We could check for the hp_filtered which per https://kilosort.readthedocs.io/en/latest/tutorials/basic_example.html is an indicator of
pre-processed copy of the data (including whitening, high-pass filtering, and drift correction)
(kilosort.run_kilosort option save_preprocessed_copy = True , https://kilosort.readthedocs.io/en/latest/api.html#kilosort.run_kilosort.run_kilosort )
For my cases, using default kilosort config, the params.py generated by kilosort has hp_filtered = False and dat_path points to the same file that I was giving as input to kilosort (the raw recording without any pre-processing). The only difference I see for KS2 is a relative path vs KS4 uses absolute path.
And I hope phy uses this as raw data without applying anything on it.
Full params.py :
{'dat_path': 'recording.dat',
'n_channels_dat': 65,
'dtype': 'int16',
'offset': 0,
'sample_rate': 20000.0,
'hp_filtered': False}
Two considerations I had:
- Yes, mainly the code is shorter. It could be even shorter by
# define a folder for KS output containing the params.py file
folder = "kilosort_output_folder"
# read sorting
sorting = se.read_kilosort(folder)
# then we can find the path in any case (relative or absolute)
datfile = os.path.join(folder, params["dat_path"]) # if os.path.isabs(datfile), then just "datfile" will be taken as path (see doc for join)
# and set the recording
recording = se.read_binary(datfile, ....params pars .... )
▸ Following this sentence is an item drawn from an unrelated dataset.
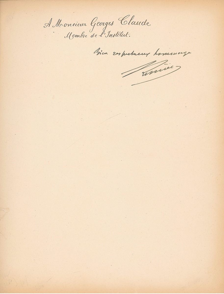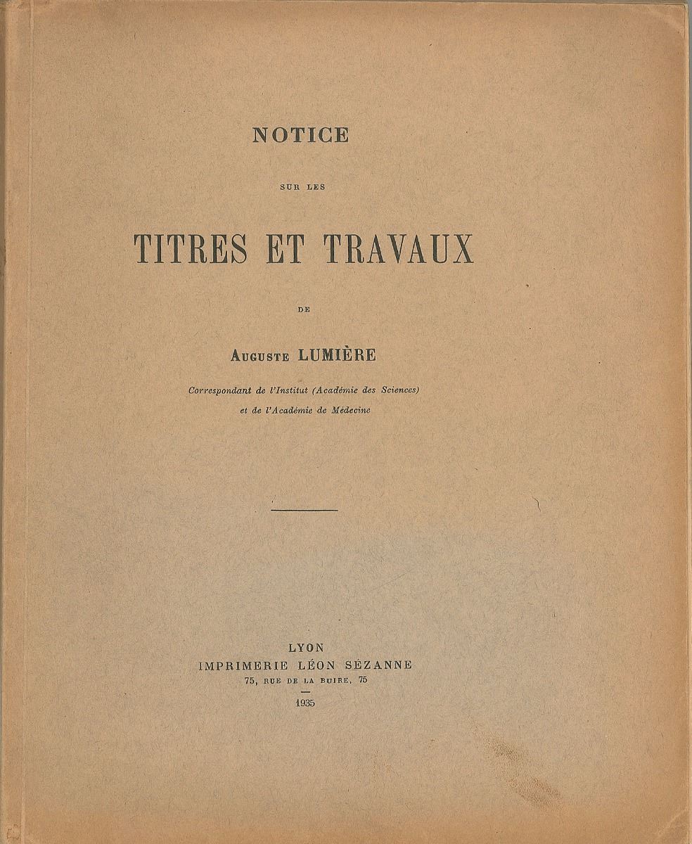 Inventor of photographic equipment (1862–1954) who, with his brother Louis, patented the cinematograph and produced the first-ever motion picture in 1894. Signed book: Notice sur les titres et travaux de Auguste Lumiere. Lyon: Imprimerie Leon Sezanne, 1935. Paperback, 8.5 x 10.75, 285 pages. Inscribed by an unknown hand and signed on the first free end page in fountain pen in French. Toning, slight creasing and soiling to spine and covers, with light pencil notations and paper remnants to signed page, otherwise fine condition.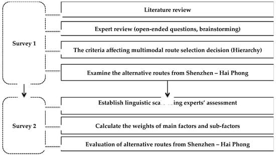 Some studies that have reviewed and assessed the performance of transport corridors have focused on Northeast and Central Asia [4] and Southeast Asia and east–west economic corridors [5]; however, few studies have evaluated the north–south economic corridor. Only scant research has focused on route analysis of electronic components from China to Vietnam. Therefore, the present study aimed to assess the competitiveness of transport routes by examining the decision-making process for selecting routes for electronics products from China to Vietnam through an empirical study of door-to-door transport from Shenzhen (China) to Hai Phong (Vietnam). The problem was solved using real data to assess the logistics service providers (LSPs) and shippers, who take leading roles in deciding route selection. The Delphi method and the Consistent Fuzzy Preference Relations (CFPR) method are employed to achieve the objective. As a result, crucial academic and practical implications are presented.

- And I thought it could be a nice concept. It could be on the level of
SortingAnalyzerlike in addition tocreate_sorting_analyzeralso having a functioncreate_sorting_analyzer_from_ksphy_sortingwhich will read the KS/phy sorting (BasePhyKilosortSortingExtractor) and then creates the associatedrecordingand returns the analyzer which providedanalyzer.sortingas defined by user andanalyzer.recordingas defined by the function.
Maybe this is a good topic for a how to? How to create a sorting analyzer from phy data or something like this?
There, the recipe can be standardized and the nuances stated for the benefits of people using similar workflows?
And I hope phy uses this as raw data without applying anything on it.
unfortunately this cannot be assumed. Phy and Kilosort used to coordinate carefully on this but this has diverged. Phy will always attempt to unwhiten data and if that fails it then will default to unwhiten with an identity matrix. I believe different versions of kilosort have treated the hp_filtered differently and so phy ignores that (although I think it used to fiddle with that--this I haven't dug into too deeply).
The only difference I see for KS2 is a relative path vs KS4 uses absolute path.
This is true. After 2 they switched to an absolute path (so for 2.5, 3, and 4).
For my cases, using default kilosort config, the params.py generated by kilosort has hp_filtered = False
We recommend that you do some preprocessing to a recording before giving it to the analyzer. See #3483 where we had a long discussion about this :) . The idea is that you like want the "raw" recording to be filtered + referenced + motion-corrected. You don't want it whitened. So loading the raw recording would still require some code for preprocessing.
create_sorting_analyzer_from_ksphy_sorting
We make a strong attempt to be sorter agnostic at the spikeinterface level. So although we load the sorting data for all varieties of sorters (that people want) we try not to have extra functions such as create_sorting_analyzer_from_ksphy_sorting since that would be for kilosort-only.